15.         Vu la nature de la cause, il ne sera pas perçu d'émolument (art. 87 al. 1 de la loi sur la procédure administrative du 12 septembre 1985 - LPA - E 5 10 ; art. 12 du règlement sur les frais, émoluments et indemnités de procédure administrative - RFPA - E 5 10.03 ; ATA/484/2021 du 7 mai 2021 consid. 7 ; ATA/976/2020 du 30 septembre 2020 consid. 8).

16.         Conformément à l'art. 9 al. 6 LaLEtr, le présent jugement sera communiqué à M. A______, à son avocat et à l'OCPM. En vertu des art. 89 al. 2 et 111 al. 2 de la loi sur le Tribunal fédéral du 17 juin 2005 (LTF - RS 173.110), il sera en outre communiqué au SEM.

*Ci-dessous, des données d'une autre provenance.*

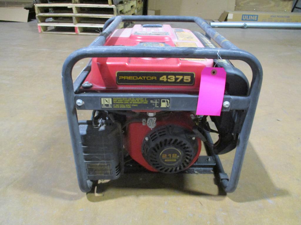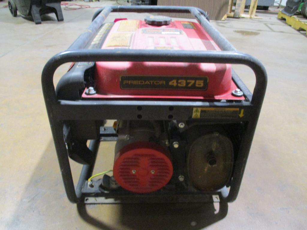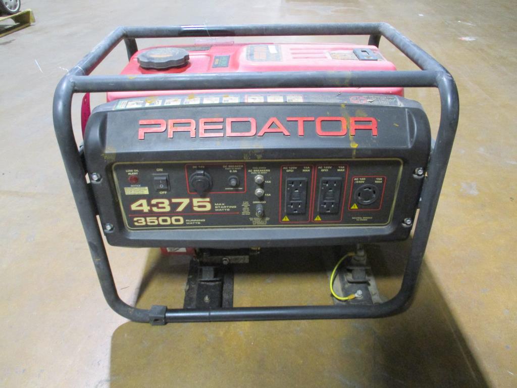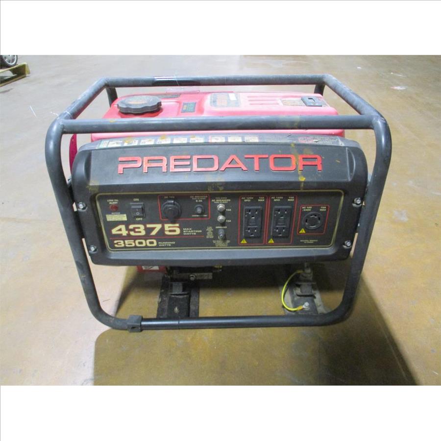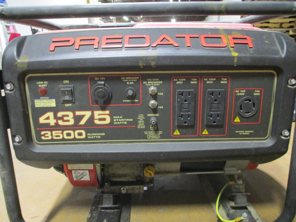 - gas powered, pull cord start, predator engine 212CC OHV, on and off switch, low oil light, DC 12V plug, DC breaker 8.3amps, 2 120 X 240V AC breaker, 12 amps, 2 dual AC 120V 15 amp plugs, 4375 Max starting watts, 3500 Running watts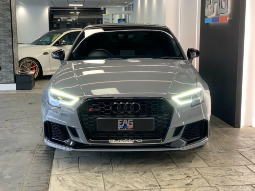 2019 (69) AUDI RS3 SPORTS EDITION Finished in Nardo Grey with Fine Nappa Leather interior and 19" Alloys. Factory spec includes; comfort and sound package, Bang & Olufsen sound system, Wingback seats with red stitching, heated front seats, keyless enttry and keyless start. Pandora alarm system and META Track tracking system, panoramic sunroof, audi virtual cockpit with sat nav, audi drive select, cruise control, DAB radio and Bluetooth connectivity. Full Service history. 4 owners. PCP and HP finance available from 9.9% APR (subject to status) 19in Alloy Wheels - 5-Arm Blade Design A, 6-Airbag System with Knee Airbag for Dri, Aluminium Interior Elements, Anti Theft Locking Wheel Bolts, Anti-Theft Alarm, Audi Beam, Audi Connect Infotainment Services (3 Mo, Audi Drive Select, Audi Parking System Plus, Audi Phone Box with Wireless Charging, Audi Smartphone Interface, Audi Sound System, Audi Virtual Cockpit with RS Specific Di, Auto-Dimming Rear-View Mirror, Black Styling Package, Bluetooth Interface, Brake Calipers Painted in Black with RS , Cruise Control, DAB Digital Radio, Door Mirrors - Black Housing, Door Mirrors - Electrically Adjustable a, Door Sill Trims - Inlays in Aluminium an, Dual-Zone Electronic Climate Control, ESC - El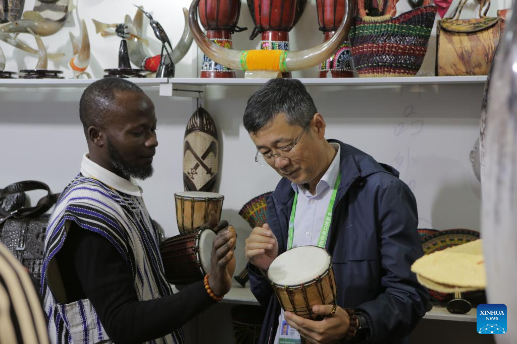 A visitor tries an African drum at a booth of Ghana during the seventh China International Import Expo (CIIE) in east China's Shanghai, Nov. 8, 2024. The current edition of CIIE has further expanded the exhibition scale for African countries and brands at the Country Exhibition area and the Food and Agricultural Products area, where a wide range of high-quality African products with distinctive features are showcased. (Xinhua/Tang Rufeng)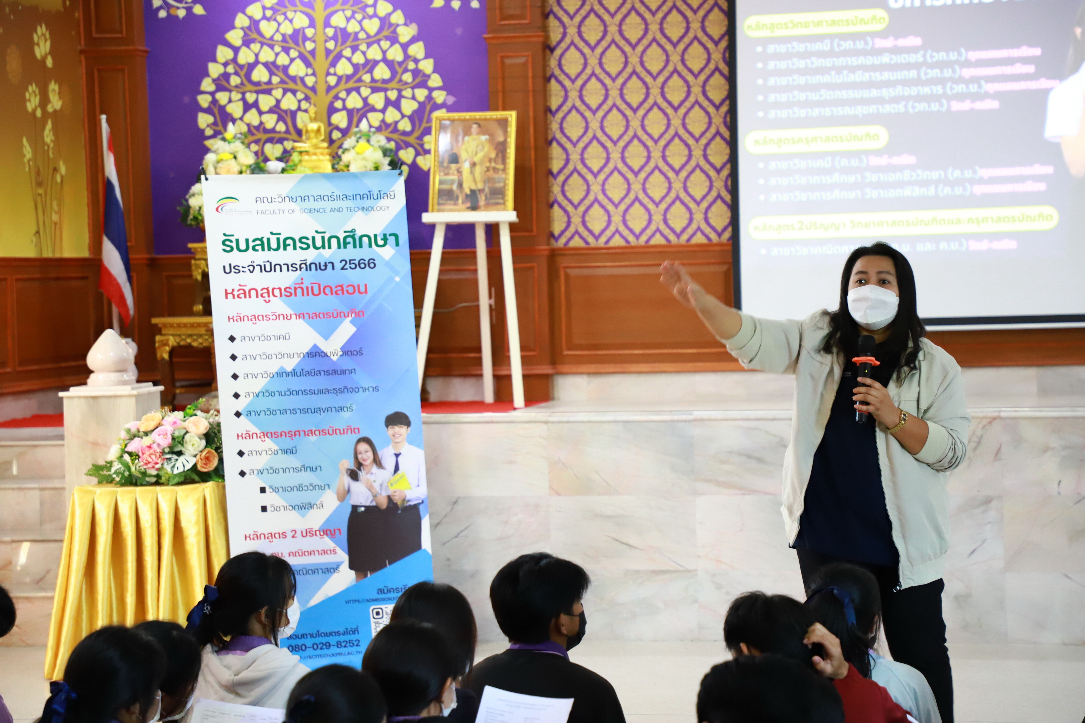 คณะวิทยาศาสตร์และเทคโนโลยี จัดกิจกรรมค่ายวิทยาศาสตร์สัญจร ปีการศึกษา 2565 ให้กับนักเรียนระดับชั้นมัธยมศึกษาตอนปลาย โรงเรียนคลองขลุงราษฎร์รังสรรค์ เพื่อเป็นการบริการวิชาการ ประชาสัมพันธ์หลักสูตรและรับสมัครนักศึกษา ในปีการศึกษา 2566 ในวันที่ 15 ธันวาคม 2022 เวลา 08.30-16.30 น. ณ โรงเรียนคลองขลุงราษฎร์รังสรรค์ วิทยากรโดยโปรแกรมวิชา"นวัตกรรมและธุรกิจอาหาร เรื่อง การตรวจสอบคุณภาพอาหารอย่างง่าย โปรแกรมวิชาวิทยาการคอมพิวเตอร์ เรื่อง Sticker Line Design* โปรแกรมวิชาเทคโนโลยีสารสนเทศ เรื่อง การสร้างสื่อสร้างสรรค์ด้วยเทคโนโลยีเสมือนจริง (AR)* โปรแกรมวิชาเคมี (ค.บ.) เรื่อง การสังเคราะห์สารหอมด้วยปฏิกิริยาเอสเทอริฟิเคชั่น"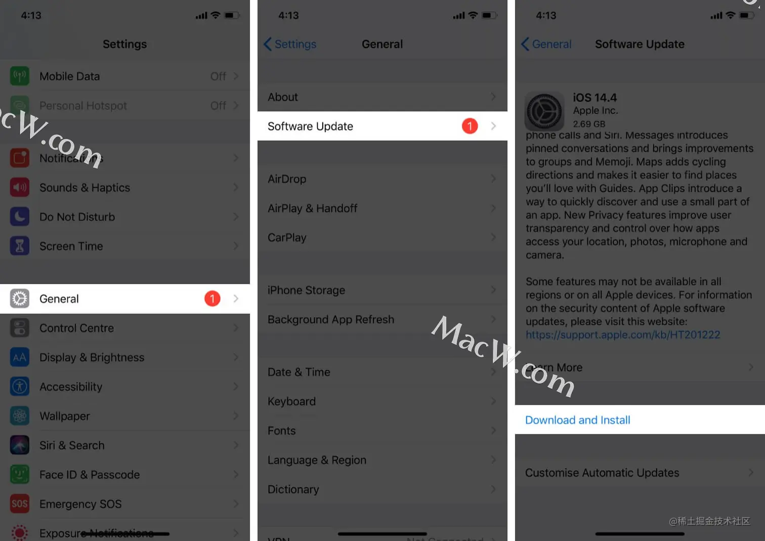 - 对于 iPhone:打开 设置 应用程序 → 点击 常规 → 点击 软件更新→ 下载并安装 ,如果您看到待处理的更新。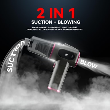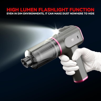 Sladdlös bekvämlighet: Njut av friheten med sladdlös drift med vår handhållna dammsugare. Dess lätta design och ergonomiska handtag ger bekväm manövrerbarhet, vilket gör att du kan nå varje skrymsle och vrå i din bil utan krångel med sladdar. Det uppladdningsbara batteriet erbjuder förlängd drifttid, så att du kan slutföra dina rengöringsuppgifter utan avbrott. Denna sladdlösa design gör den otroligt enkel att använda och förvara, vilket ger ultimat bekvämlighet för rengöring på språng.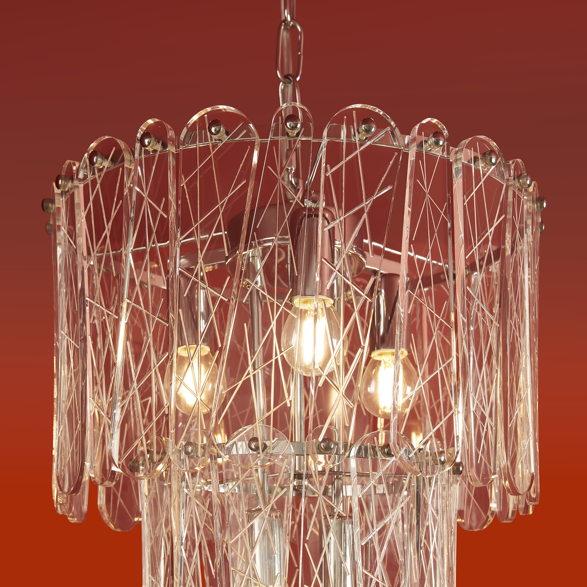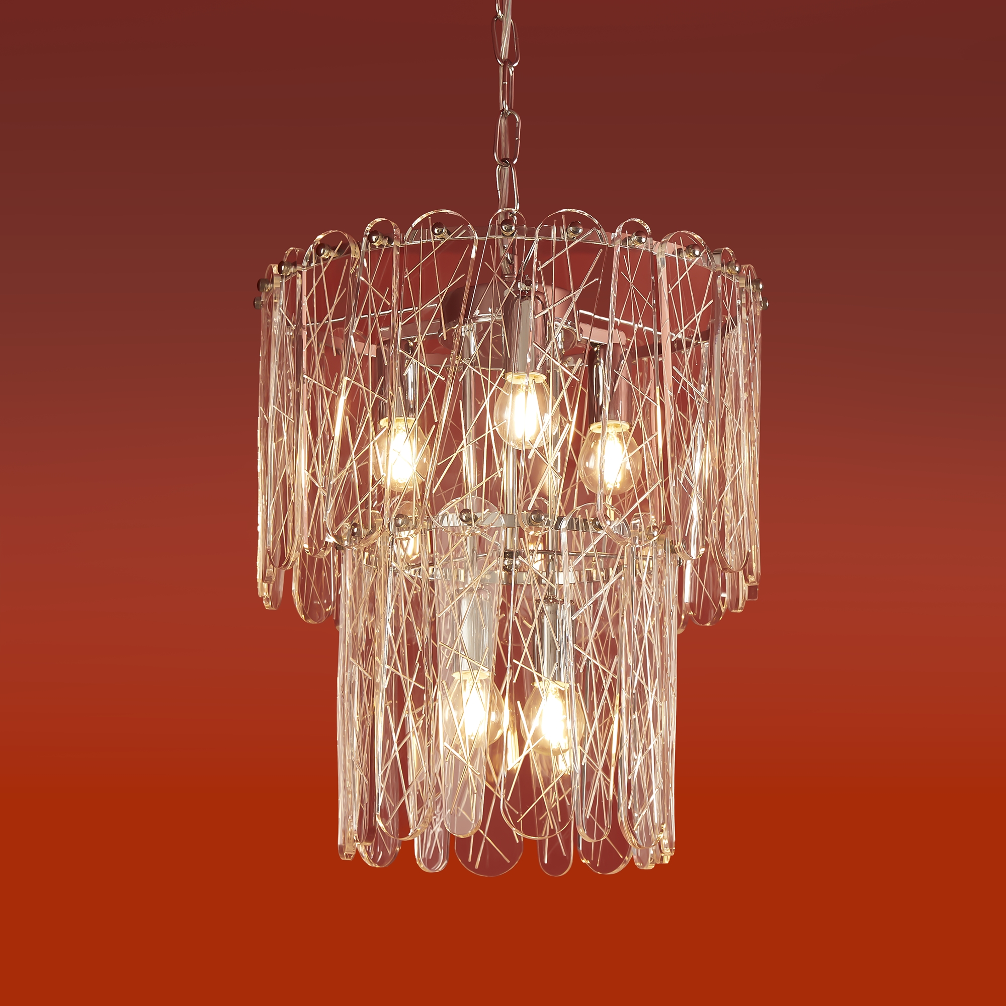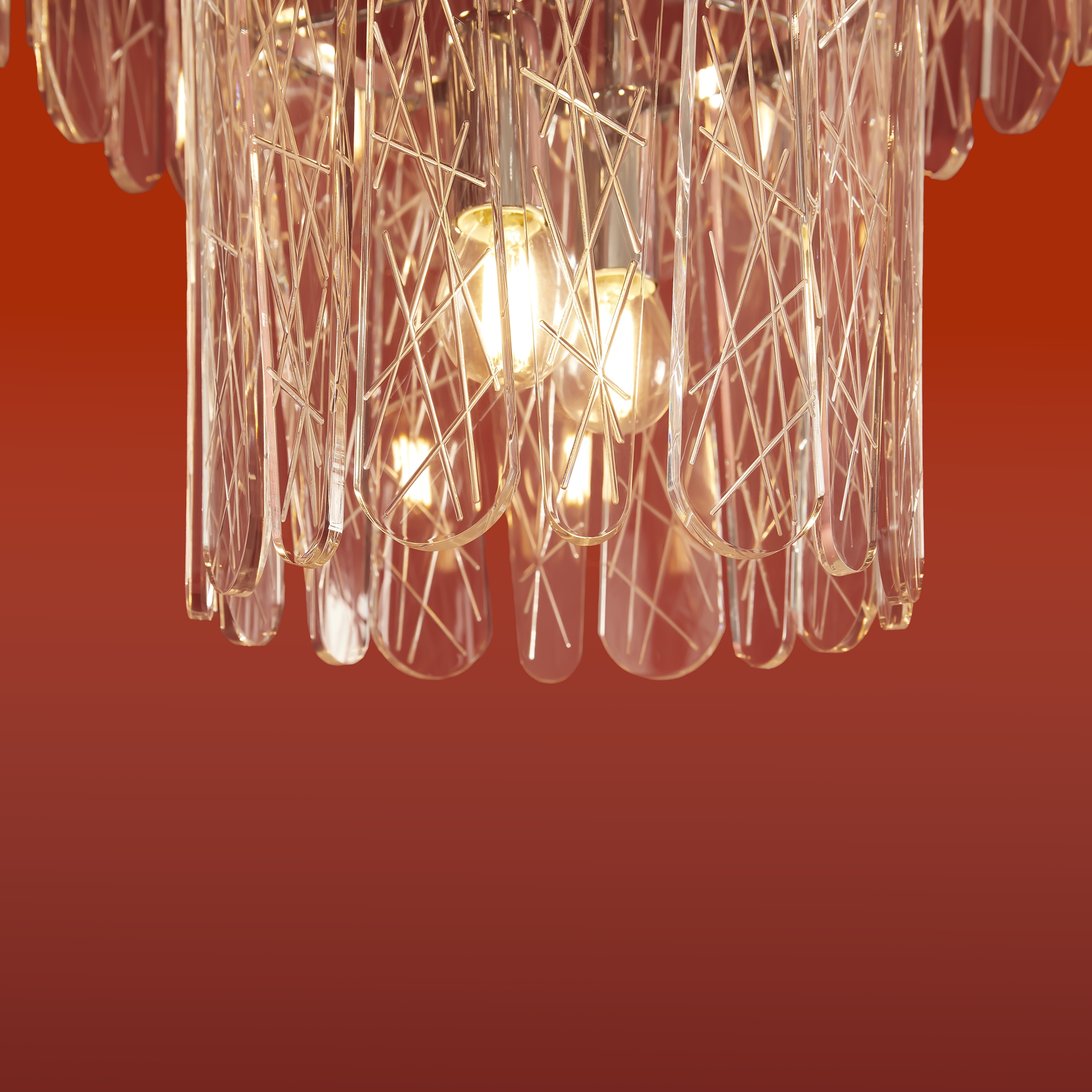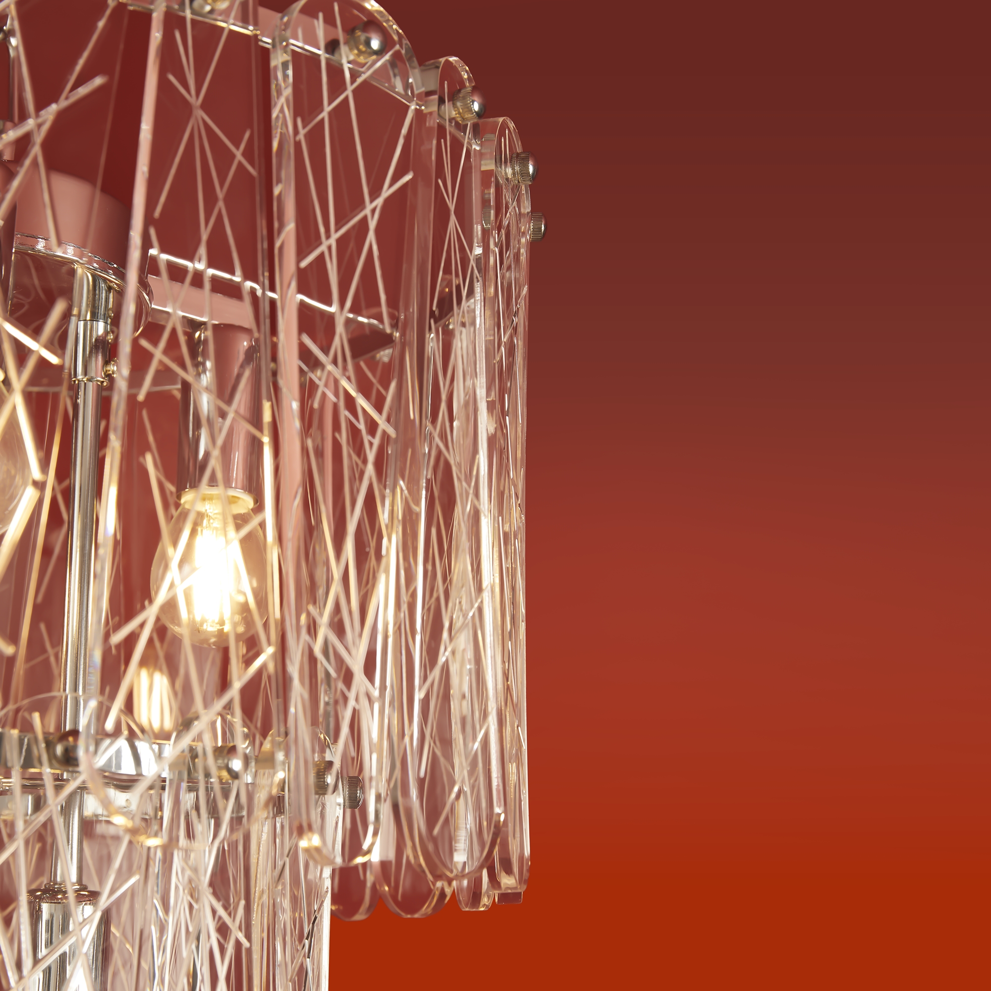 Материал арматуры — металл, цвет — хром. Светильники выполнены из хрусталя с рисунком "frozen". Подвесные светильники и бра с цоколем E14. Современный дизайн арматуры, дугообразные формы с хромированной отделкой подчеркивают декоративные хрустальные элементы. Подходит для современных интерьеров.

17.         Un éventuel recours déposé contre le présent jugement n'aura pas d'effet suspensif (art. 10 al. 1 LaLEtr).


 

 

PAR CES MOTIFS

LE TRIBUNAL ADMINISTRATIF

DE PREMIÈRE INSTANCE

1.             déclare recevable la requête tendant à la prolongation, pour une durée de douze mois, de la mesure d’assignation d’un lieu de résidence visant Monsieur A______ déposée le 11 avril 2022 par l’office cantonal de la population et des migrations  ;

2.             l’admet partiellement ;

3.             prolonge ladite mesure pour une durée de six mois, soit jusqu'au 21 octobre 2022 inclus ;

4.             dit que la procédure est franche d’émolument ;

5.             dit que, conformément aux art. 132 LOJ, 10 al. 1 LaLEtr et 65 LPA, le présent jugement est susceptible de faire l'objet d'un recours auprès de la chambre administrative de la Cour de justice (10, rue de Saint-Léger, case postale 1956, 1211 Genève 1) dans les dix jours à compter de sa notification. L'acte de recours doit être dûment motivé et contenir, sous peine d'irrecevabilité, la désignation du jugement attaqué et les conclusions du recourant. Il doit être accompagné du présent jugement et des autres pièces dont dispose le recourant ;

6.             dit qu’un éventuel recours contre le présent jugement n'aura pas d'effet suspensif.

 

Au nom du Tribunal :

Le président

Olivier BINDSCHEDLER TORNARE

 

Copie conforme de ce jugement est communiquée à Monsieur A______, à son avocat, au commissaire de police et au secrétariat d'État aux migrations.